[INPUT DATA]

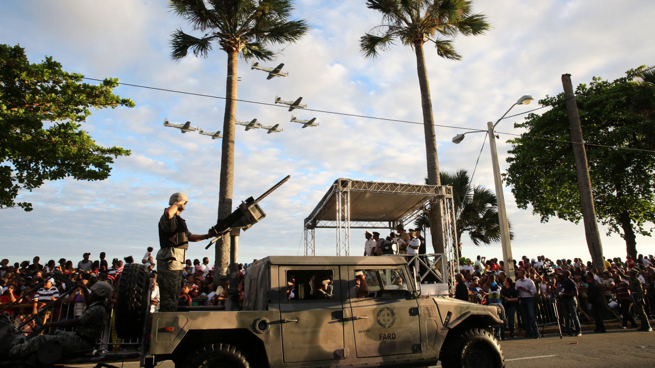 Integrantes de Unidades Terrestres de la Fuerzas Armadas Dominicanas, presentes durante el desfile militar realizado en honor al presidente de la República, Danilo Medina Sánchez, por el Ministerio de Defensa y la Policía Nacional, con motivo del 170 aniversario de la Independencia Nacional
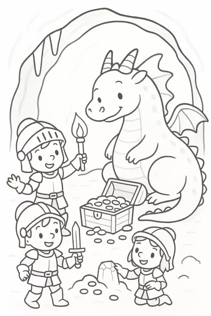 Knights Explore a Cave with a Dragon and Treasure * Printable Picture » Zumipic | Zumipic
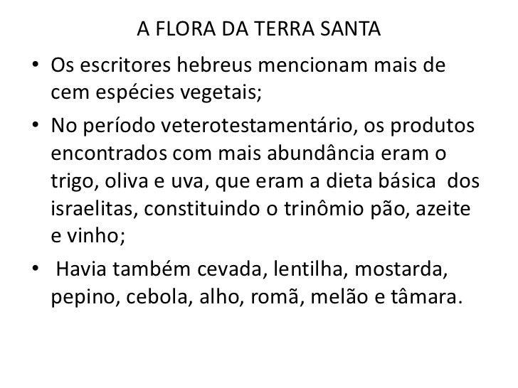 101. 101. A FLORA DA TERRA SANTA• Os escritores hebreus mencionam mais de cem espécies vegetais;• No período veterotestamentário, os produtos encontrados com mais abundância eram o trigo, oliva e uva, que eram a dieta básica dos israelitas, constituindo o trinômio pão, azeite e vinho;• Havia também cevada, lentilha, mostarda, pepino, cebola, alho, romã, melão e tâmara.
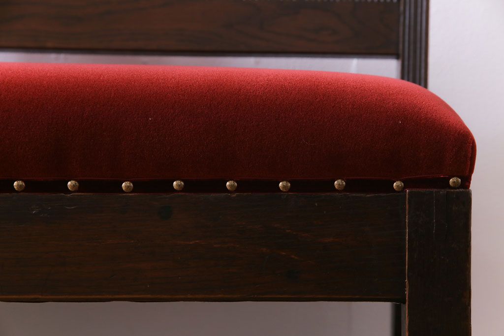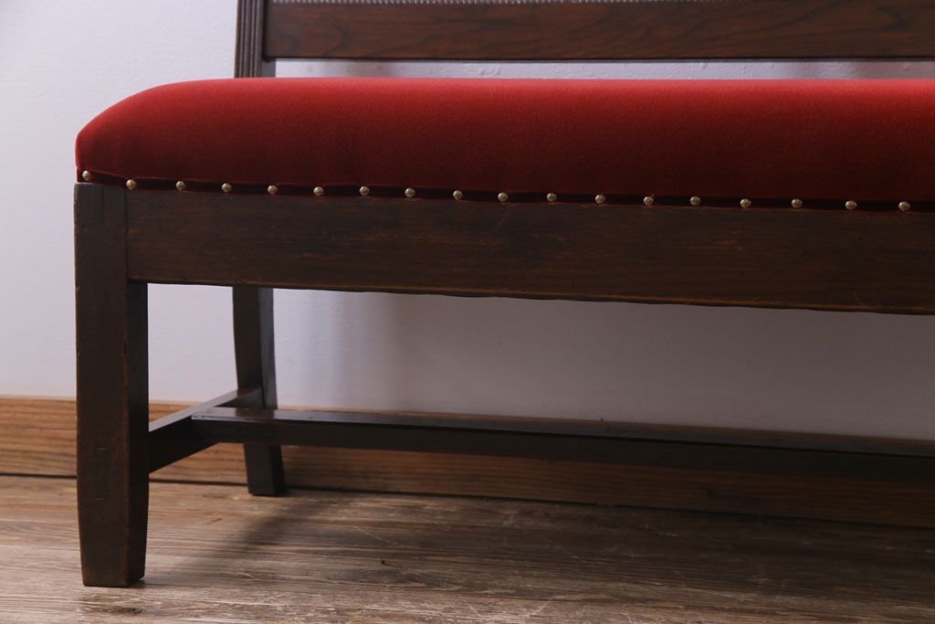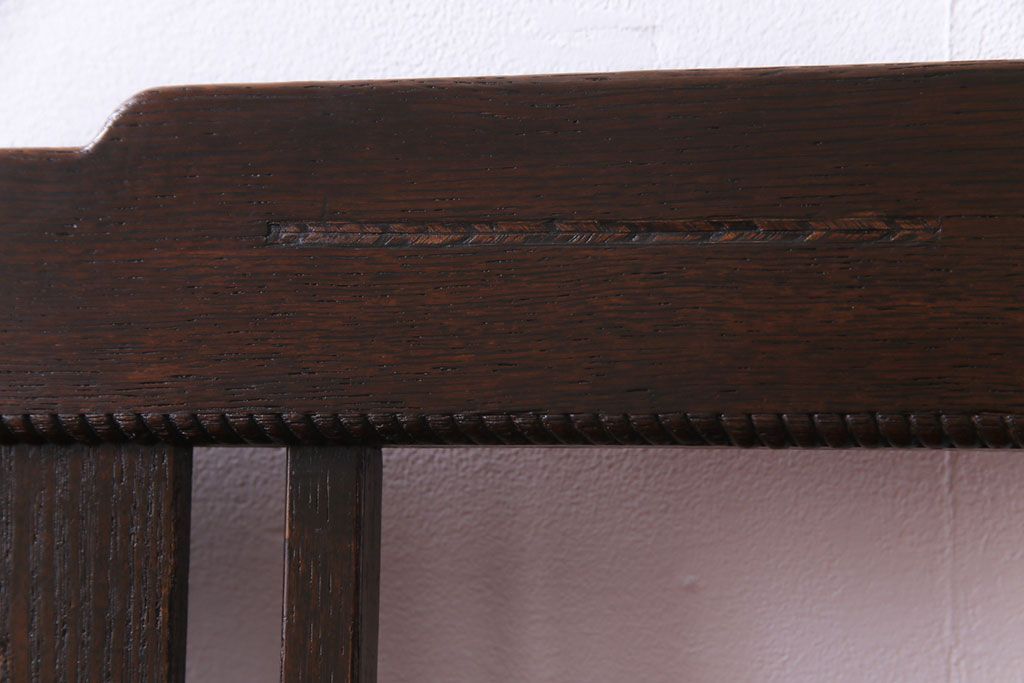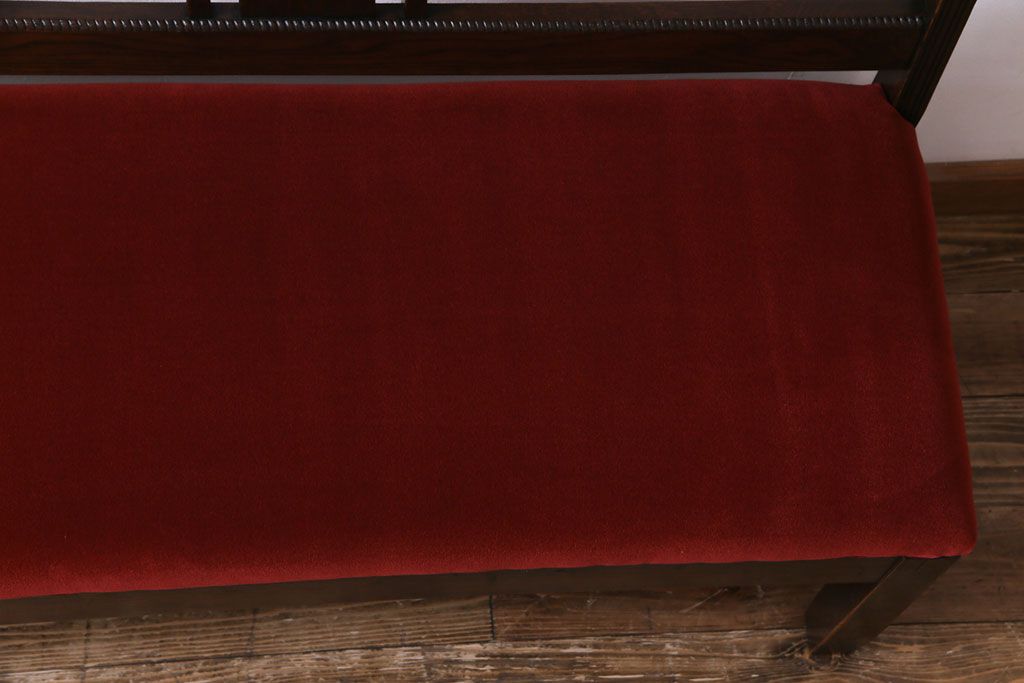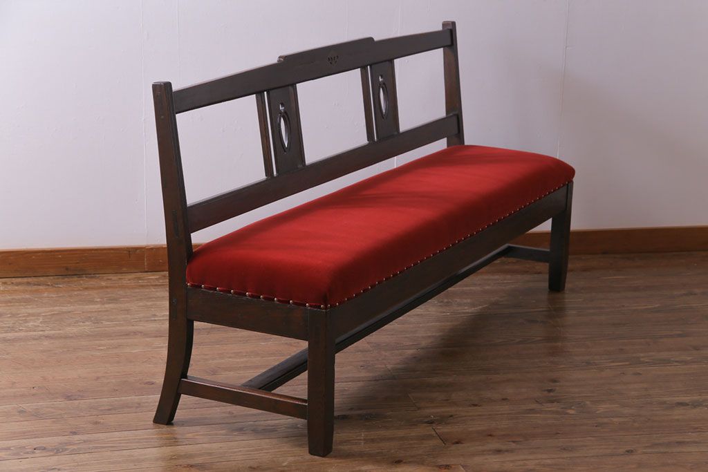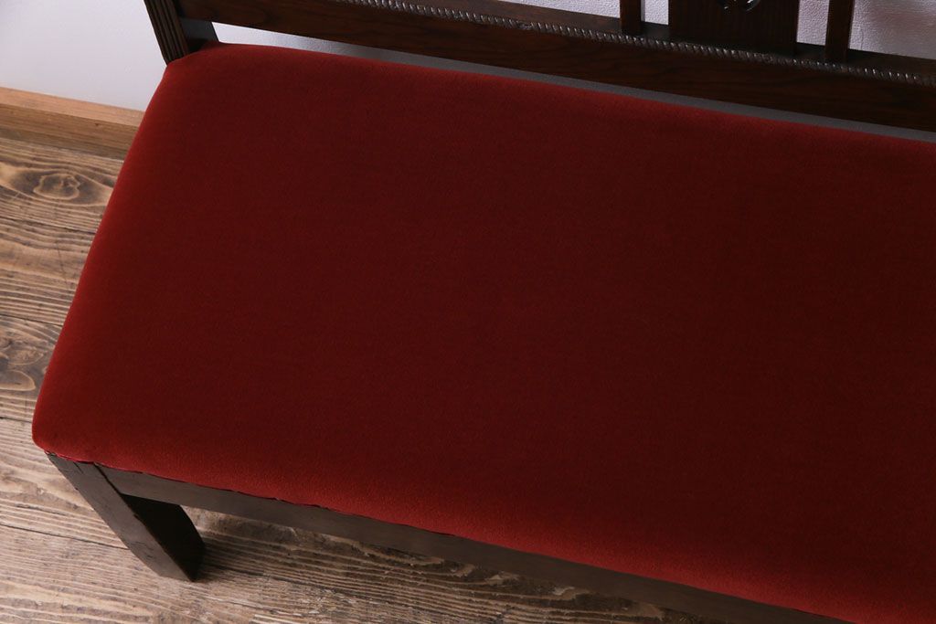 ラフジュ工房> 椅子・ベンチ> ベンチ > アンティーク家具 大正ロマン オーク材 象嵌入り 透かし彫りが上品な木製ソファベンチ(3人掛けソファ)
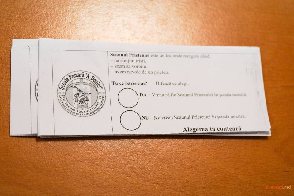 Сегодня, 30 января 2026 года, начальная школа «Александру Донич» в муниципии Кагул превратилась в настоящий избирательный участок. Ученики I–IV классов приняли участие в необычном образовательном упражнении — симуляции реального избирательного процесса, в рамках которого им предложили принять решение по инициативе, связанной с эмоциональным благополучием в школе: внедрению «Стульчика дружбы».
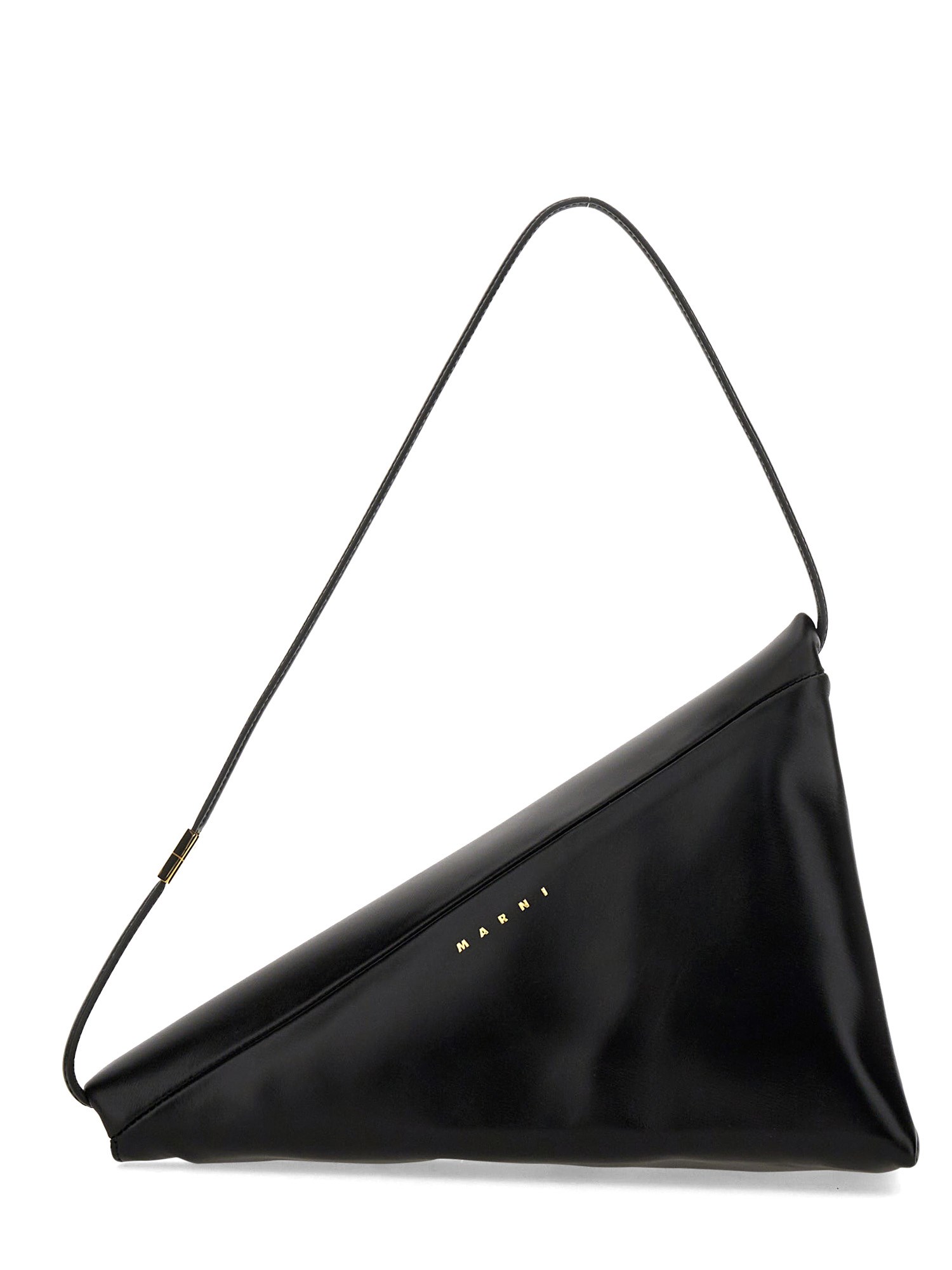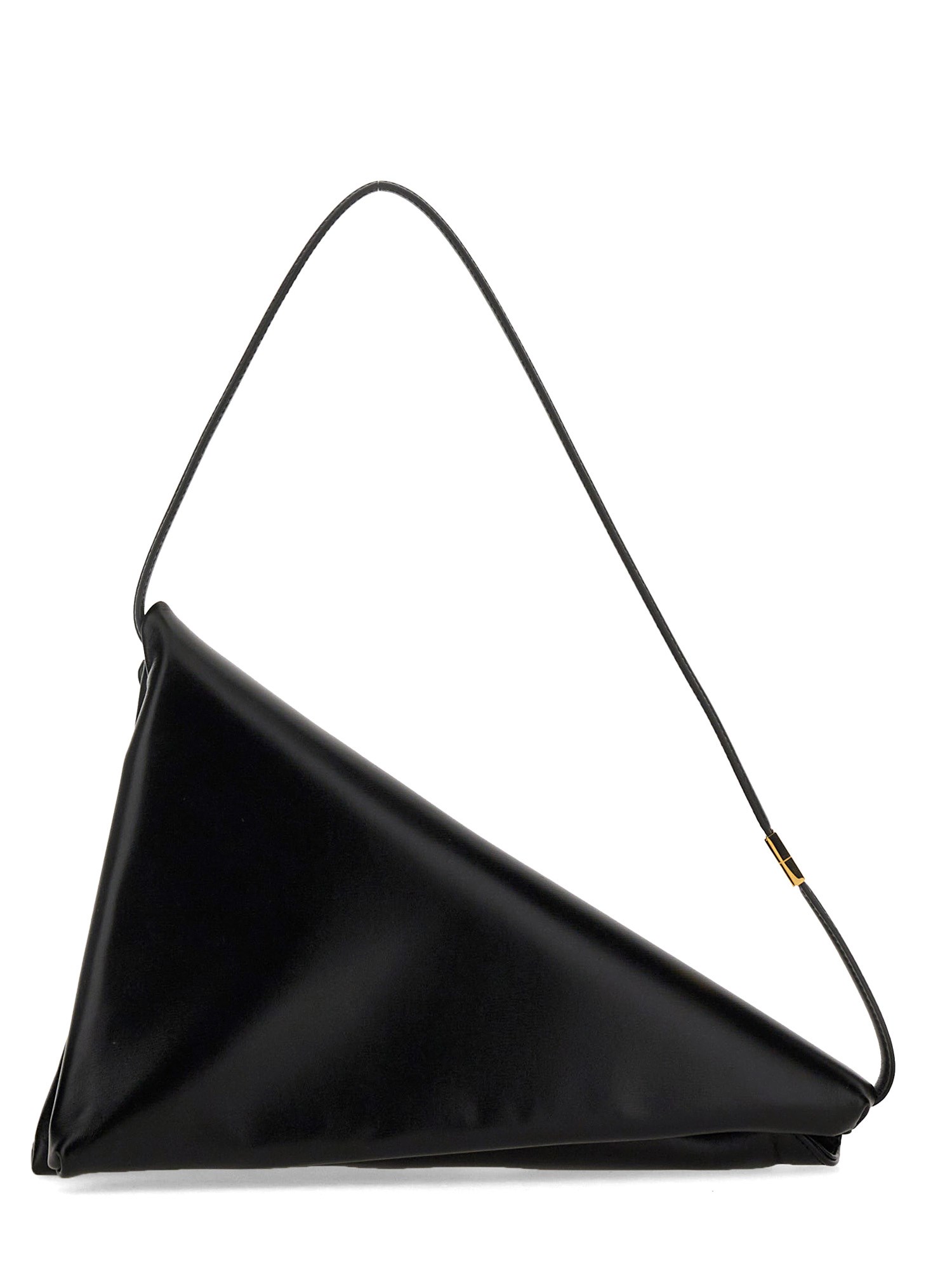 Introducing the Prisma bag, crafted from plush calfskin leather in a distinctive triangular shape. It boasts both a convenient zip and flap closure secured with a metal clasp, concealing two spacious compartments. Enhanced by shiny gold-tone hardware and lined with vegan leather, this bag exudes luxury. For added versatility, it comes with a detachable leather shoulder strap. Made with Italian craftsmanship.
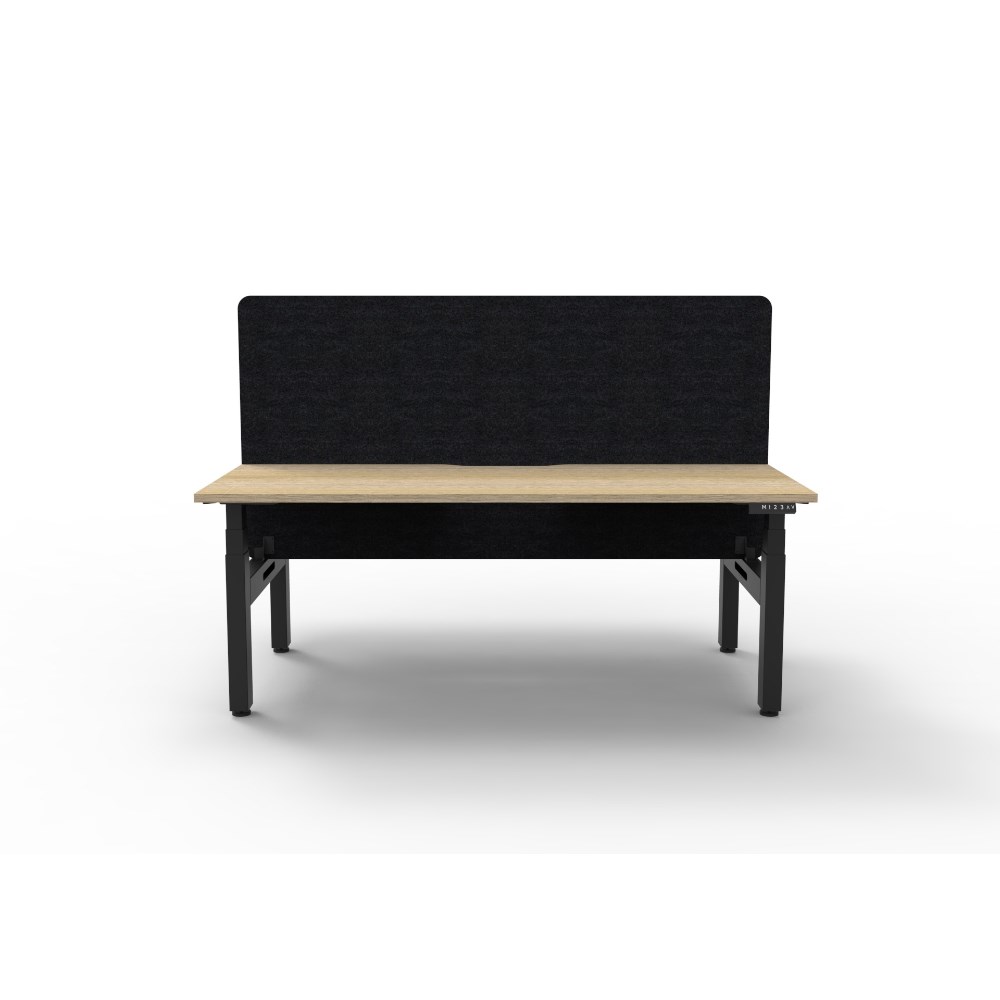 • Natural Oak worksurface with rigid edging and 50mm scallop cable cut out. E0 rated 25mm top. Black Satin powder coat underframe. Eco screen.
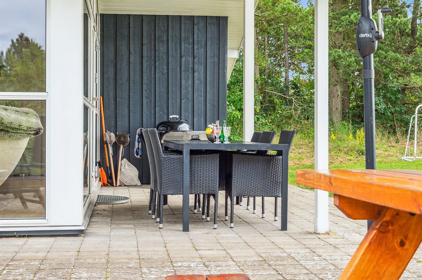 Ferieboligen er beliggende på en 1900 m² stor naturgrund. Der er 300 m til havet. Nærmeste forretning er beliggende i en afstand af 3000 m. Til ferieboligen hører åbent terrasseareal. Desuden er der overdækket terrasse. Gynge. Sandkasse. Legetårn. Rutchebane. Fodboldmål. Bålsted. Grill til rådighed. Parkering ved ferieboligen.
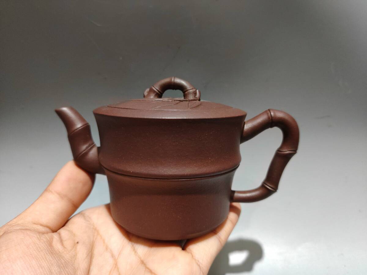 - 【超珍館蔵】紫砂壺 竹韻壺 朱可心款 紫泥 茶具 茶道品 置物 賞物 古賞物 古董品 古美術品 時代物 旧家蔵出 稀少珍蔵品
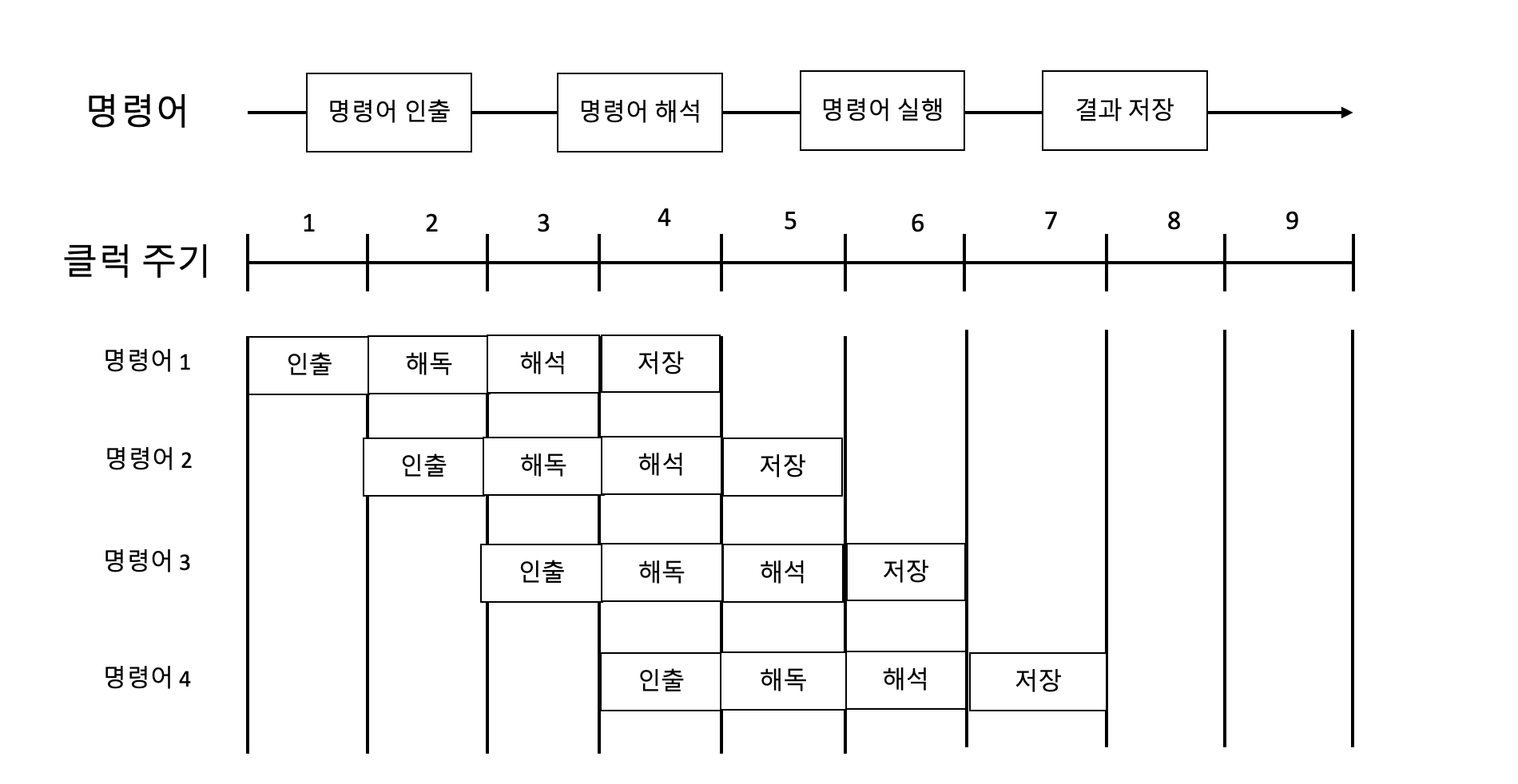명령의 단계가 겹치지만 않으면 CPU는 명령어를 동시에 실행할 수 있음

[/INPUT DATA]

WHAT THIS TASK INVOLVES: Pictures stay out; print everything else in the data exactly.

TASK RESPONSE:
 Integrantes de Unidades Terrestres de la Fuerzas Armadas Dominicanas, presentes durante el desfile militar realizado en honor al presidente de la República, Danilo Medina Sánchez, por el Ministerio de Defensa y la Policía Nacional, con motivo del 170 aniversario de la Independencia Nacional
 Knights Explore a Cave with a Dragon and Treasure * Printable Picture » Zumipic | Zumipic
 101. 101. A FLORA DA TERRA SANTA• Os escritores hebreus mencionam mais de cem espécies vegetais;• No período veterotestamentário, os produtos encontrados com mais abundância eram o trigo, oliva e uva, que eram a dieta básica dos israelitas, constituindo o trinômio pão, azeite e vinho;• Havia também cevada, lentilha, mostarda, pepino, cebola, alho, romã, melão e tâmara.
 ラフジュ工房> 椅子・ベンチ> ベンチ > アンティーク家具 大正ロマン オーク材 象嵌入り 透かし彫りが上品な木製ソファベンチ(3人掛けソファ)
 Сегодня, 30 января 2026 года, начальная школа «Александру Донич» в муниципии Кагул превратилась в настоящий избирательный участок. Ученики I–IV классов приняли участие в необычном образовательном упражнении — симуляции реального избирательного процесса, в рамках которого им предложили принять решение по инициативе, связанной с эмоциональным благополучием в школе: внедрению «Стульчика дружбы».
 Introducing the Prisma bag, crafted from plush calfskin leather in a distinctive triangular shape. It boasts both a convenient zip and flap closure secured with a metal clasp, concealing two spacious compartments. Enhanced by shiny gold-tone hardware and lined with vegan leather, this bag exudes luxury. For added versatility, it comes with a detachable leather shoulder strap. Made with Italian craftsmanship.
 • Natural Oak worksurface with rigid edging and 50mm scallop cable cut out. E0 rated 25mm top. Black Satin powder coat underframe. Eco screen.
 Ferieboligen er beliggende på en 1900 m² stor naturgrund. Der er 300 m til havet. Nærmeste forretning er beliggende i en afstand af 3000 m. Til ferieboligen hører åbent terrasseareal. Desuden er der overdækket terrasse. Gynge. Sandkasse. Legetårn. Rutchebane. Fodboldmål. Bålsted. Grill til rådighed. Parkering ved ferieboligen.
 - 【超珍館蔵】紫砂壺 竹韻壺 朱可心款 紫泥 茶具 茶道品 置物 賞物 古賞物 古董品 古美術品 時代物 旧家蔵出 稀少珍蔵品
명령의 단계가 겹치지만 않으면 CPU는 명령어를 동시에 실행할 수 있음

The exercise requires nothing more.